Missing `state_revision` is treated as `0`. Resource status values are
`pending`, `planned`, `applying`, `applied`, `drifted`, `blocked`, or `error`.

Plan output compares desired resource digests against state resource digests
and reports `create`, `update`, and `delete` changes. It also reports the state
CAS (`sha256:<digest>`) and state revision. `state_observations.locked` means an
existing lock file was observed, along with its metadata (`lock_id`,
`lock_operation`, `lock_created_at`, `lock_pid`, `lock_age_seconds`); a
successful `plan` instead reports `lock_acquired: true` and an
`acquired_lock_id`, then releases the lock before returning. The command never
writes `state.json` and does not scan live graphs. Use explicit
`cluster refresh` / `cluster import` when the state ledger should be updated
from live observations. Live drift scans during plan are later-stage work.

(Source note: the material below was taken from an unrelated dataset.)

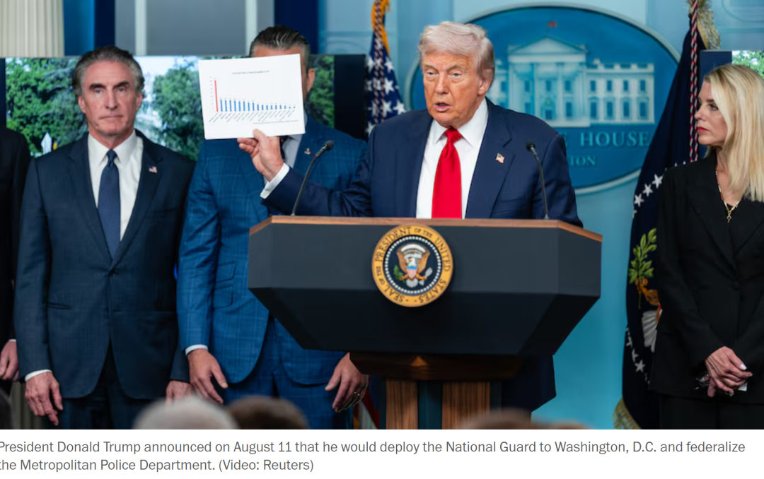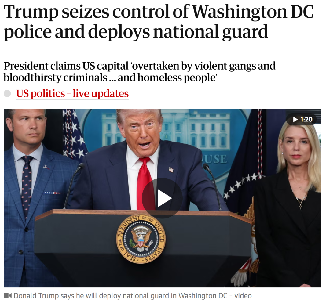 今年7月底,韩国前总统尹锡悦因2024年12月深夜宣布全国戒严、调动军队封锁国会,被指“史无前例干预地方事务”,最终在国会二次弹劾中下台,并于7月31日遭羁押审判。不到两周后,8月11日,美国总统特朗普在大洋彼岸上演了另一幕高调“治安接管”——宣布华盛顿特区进入公共安全紧急状态,直接接管首都警察局,并调动国民警卫队进驻,以“夺回首都”为口号重塑治安秩序。

Each plan change carries a `disposition` field — an honest preview of what
`cluster apply` will do with it in this stage: `applied` (executes), `derived`
(a `graph.<id>` composite-digest update that converges automatically once its
query digests land), `deferred` (graph/schema change, later phase), or
`blocked` (query/policy gated by an unapplied or missing dependency, with the
condition in `reason`).

## Apply

`cluster apply` executes the config-only subset of the plan — stored-query and
policy-bundle changes. There is no confirm flag: `cluster plan` is the preview,
and apply recomputes the same diff under the state lock before executing, so a
stale preview can never be applied. Apply requires an existing `state.json`
(`state_missing` directs you to `cluster import` first).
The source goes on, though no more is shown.